庵野は沙織に対してクーデター自体を止めるなど苦言も呈し、決してイエスマンにはなりませんでした。一方の岡田は沙織の機嫌を取るような甘い言葉で近づき、彼女の短期欲求を煽っていました。本来のPB像に近いのはどちらか?といえば、言うまでもなく庵野の方でしょう。庵野は地味でも堅実な提案で資産を守ろうと努め、何より天宮寺家との長年の信頼を大切にしていました。岡田は派手な成果を演出しましたが信頼を裏切り、一家の資産も事業も危機に陥れました。皆さんが大切なお金を預けるなら、派手なプレゼンをする人よりも、地道に誠実に向き合ってくれる人を選びたいですよね。
では具体的に「この人は信頼できるPBだ」と判断するポイントをまとめておきます。
資格や経験は最低限チェックしておきましょう。FP資格やPB資格、中でも、FP1級やCFP,シニアPBは上級資格であり、一定以上の知識は持っています。
その人のキャリアも把握しておきましょう。証券会社や銀行での勤務経験と、勤務していた部署を知ることでどんな経験があるかはおのずとわかります。
また前述のように利益相反を避ける姿勢があるか(必要に応じて第三者の専門機関の助言を仰ぐなど透明性が高いか)も重要です。
最も重要なのは、コミュニケーション力と考え方です。
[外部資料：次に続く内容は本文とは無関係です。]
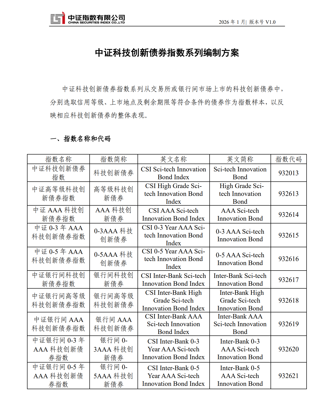 指数发布公告 - 中证指数有限公司将于2026年2月2日正式发布中证高等级科技创新债券指数等9条指数 [1] - 新指数的发布旨在为市场提供多样化的业绩基准与投资标的 [1] 指数编制方法 - 9条指数从交易所或银行间市场上市的科技创新债券中选取样本 [1] - 样本债券的筛选条件包括信用等级、上市地点及剩余期限等 [1] - 指数旨在反映相应科技创新债券的整体表现 [1] 新发布指数列表 - 中证科技创新债券指数 (简称: 科技创新债券) [3] - 中证高等级科技创新债券指数 (简称: 高等级科技创新债券) [3] - 中证AAA科技创新债券指数 (简称: AAA科技创新债券) [3] - 中证0-3年AAA科技创新债券指数 (简称: 0-3AAA科技创新债券) [3] - 中证0-5年AAA科技创新债券指数 (简称: 0-5AAA科技创新债券) [3] - 中证银行间科技创新债券指数 (简称: 银行间科技创新债券) [3] - 中证银行间高等级科技创新债券指数 (简称: 银行间高等级科技创新债券) [3] - 中证银行间AAA科技创新债券指数 (简称: 银行间AAA科技创新债券) [3] - 中证银行间0-3年AAA科技创新债券指数 (简称: 银行间0-3AAA科技创新债券) [3][4] - 中证银行间0-5年AAA科技创新债券指数 (简称: 银行间0-5AAA科技创新债券) [4]

こちらの価値観や長期的な目標や資産運用のゴールをヒアリングし、理解してくれるのか、難しいことも分かりやすく説明してくれるのか、疑問や質問には丁寧に答えてくれるか。そして何より、顧客本位の考え方なのか。
ろくにこちらの話を聞かず、「自分に全部任せておけば大丈夫ですよ」などと丸投げさせようとする人は要注意です。信頼できるアドバイザーほど、主体的に判断できるよう情報提供をしてくれるものです。
庵野と岡田の対比から学べるのは、「信頼」は数字以上に価値があるということです。たとえ一時的に運用成績が良くても、信頼を裏切るようなことがあれば元も子もありません。皆さんも大切なお金を預ける相手を選ぶ際は、ぜひ目先の数字や手数料だけでなく、人となりをしっかり見極め、「この人なら信じて大丈夫!」という感覚を大切にしてください。
4. まとめ
今回のお話を通じて浮き彫りになったテーマは、「信頼の価値」でした。事業承継では家族の信頼関係とファミリーガバナンスがいかに大事か、資産運用では信頼できる方針とブレない姿勢がどれほど重要か、そして何より人を見る目の大切さを教えられた気がします。沙織も誰を信じるかさえ間違えなければ失うことのなかった資産だったとも言えます。
ぜひ皆さんも、自分がもし沙織の立場だったらどうするか想像してみてください。家族の会社を継ぐなら周囲とどう向き合うか、多額の資産を運用するならどんなアドバイザーを選び、投資戦略を立てるのか。
答えすぐに出ないかもしれません。でも、「信頼できること」こそが何にも代え難い財産であることは間違いありません。お金の世界は数字や利益に目が行きがちですが、その土台を支えるのは人と人との信頼関係です。